Butby · 03/11/2015 06:31

Hi all

I have a background in housing support but left a few years ago due to uncertainties with funding to join a housing provider which I don't find fulfilling.

During my previous role I did some FE teaching and obtained Ptlls and Ctlls and really enjoyed this. I then did an Open University English module for fun and continued until I graduated this year with a BA with hons.

My problem is I really don't know where to go career wise from here, would love to get into FE teaching but only have the experience associated with the Ptlls and Ctlls courses and I am on a decent salary which I can't afford to reduce, also I don't have much in the way of free time so voluntary work to build up experience isn't really an option.

Feeling a little deflated really, almost think I wish I'd have studied accountancy or something as at least then I'd be qualified for something !

OP posts:
Becca19962014 · 03/11/2015 22:46

You could try speaking to someone from OU careers service, I think they are still open to you after graduation, or maybe looking at the prospects website for some inspiration or advice on what to do.

There are options for part time FE lecturing where you qualify at the same time - it was called a PGCE in adult education when I did it but I don't know if it still exists as it was sometime ago.

As much as I loved doing my job it was really unpredictable as courses would get pulled at the last minute sometimes if not enough people enrolled - I found it to be very uncertain.

I don't know if that is helpful or not, I hope so.

CountryLovingGirl · 04/11/2015 09:49

Hi,

You can do a post-16 PGCE part time.
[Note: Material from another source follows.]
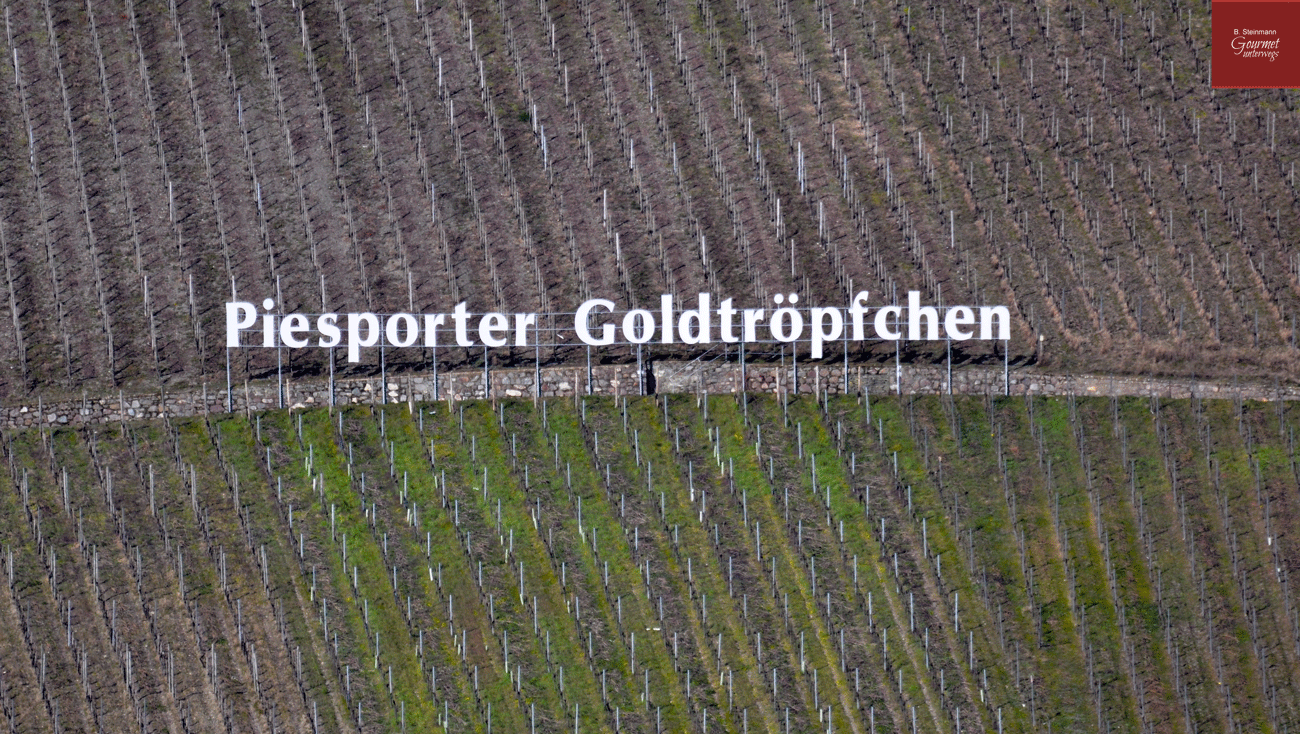 Auf der linken Moselseite erstreckt sich die 66 Hektar große Weinlage des bekannten Piesporter Goldtröpfchens. Auf dem Schieferboden gedeiht ein vortrefflicher Riesling.

As you already have PTLLS you will be exempt from the first few months of the course. You need to do so many hours teaching every week throughout the course. I think it's 40 hours the first year and 60 hours the second year (probably about 1 or 2 hours teaching a week). The course is cheaper than a school PGCE.
Local colleges tend to do the post-16 PGCE. You can choose when to do it (our local college does it one night a week).
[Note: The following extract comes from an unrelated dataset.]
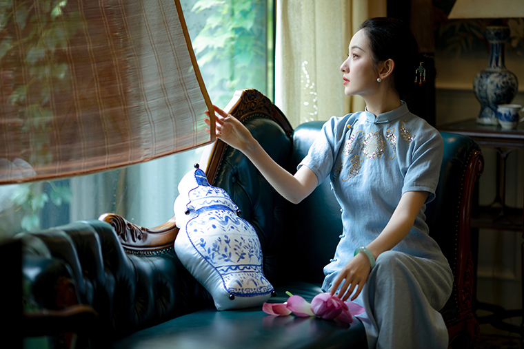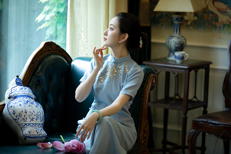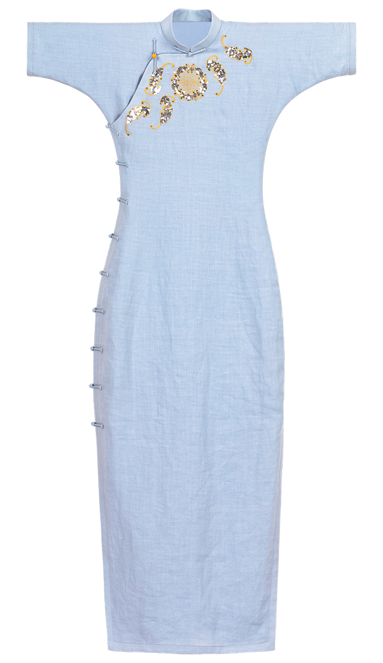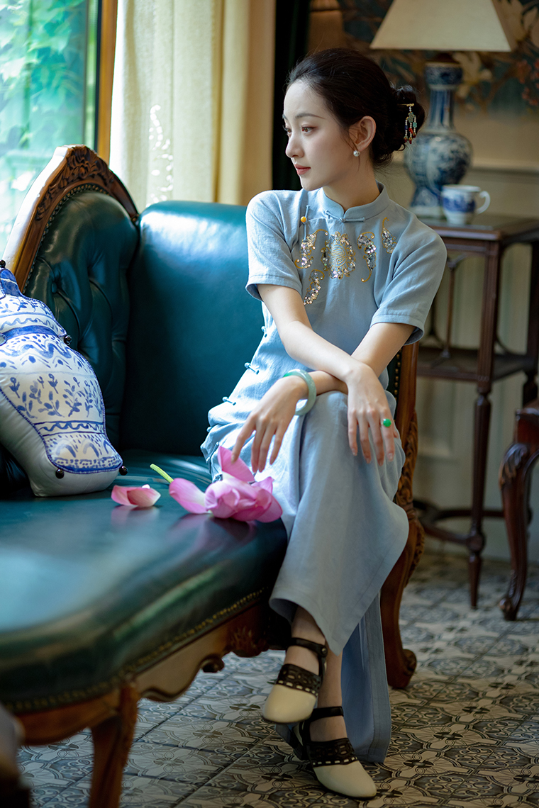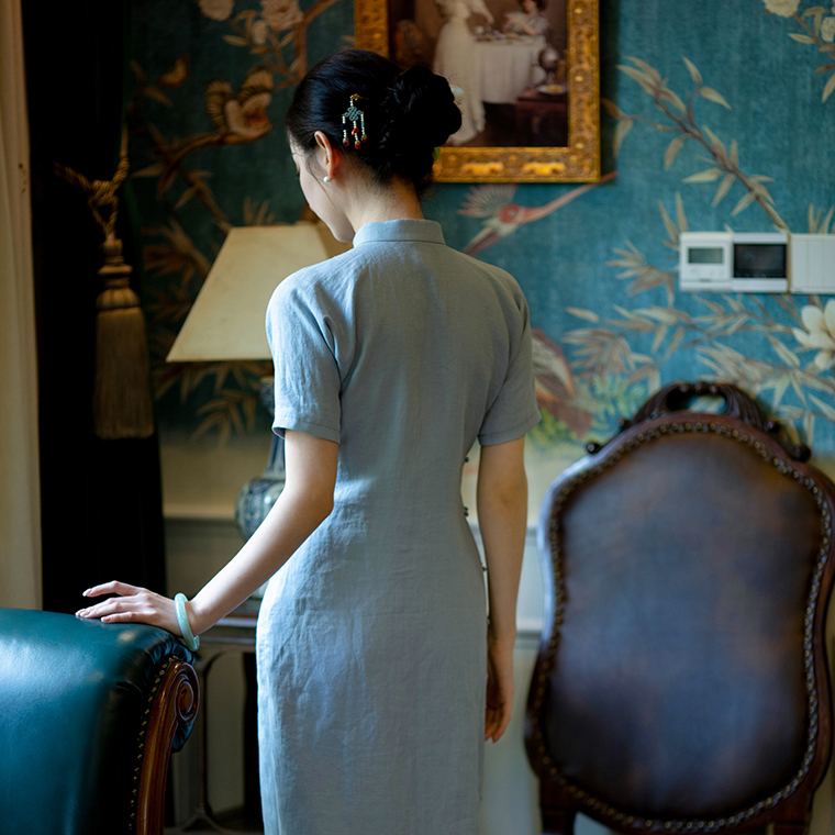 Fuluo Zhi Xiao丨2025 Summer New Collection丨Vintage Ramie Embroidered Floral Quarter-Sleeve Stand Collar Traditional Daily Cheongsam

I was going to do this for science and the college offered me paid hours to do the practice. I work 3 days in an NHS profession so was looking at this as a side-line (plus, I want to leave the NHS due to the crazy hours now and commuting time).
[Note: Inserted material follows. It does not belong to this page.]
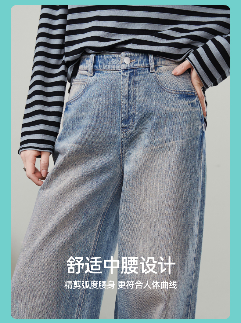 【秋新品-美式-阔腿裤】逸阳复古美式宽松显瘦阔腿牛仔裤子5893

Do you not fancy doing a secondary PGCE? You can do a flexible distance learning course.

slug · 04/11/2015 11:02

My PGCE is in post compulsory and adult education. I had some teaching qualifications e.g. City and guilds 7307, which contributed towards some of the credits I needed, making the whole process a bit shorter. I did mine through The University of Greenwich

My only concern is that the Govt is severely restricting finance to the post 16 sector and colleges are merging and closing down. It's not an easy time to get into FE teaching, unless, of course, you are in one of those subjects that is chronically short of teachers. I left teaching 7 years ago and I'm still plagued with calls from recruiters desperate for maths teachers.

Butby · 04/11/2015 22:14

Thanks all for the advice ??

Hadn't been on the Prospects page before and there seems to be lots of opportunities.

Unless I get a job which supports me to do a PGCE I'm not going to do it - I've paid the whole amount of my OU degree and my daughter is off to uni next year so won't be able to afford it. Plus to be honest I'm enjoying having a bit of free time again ????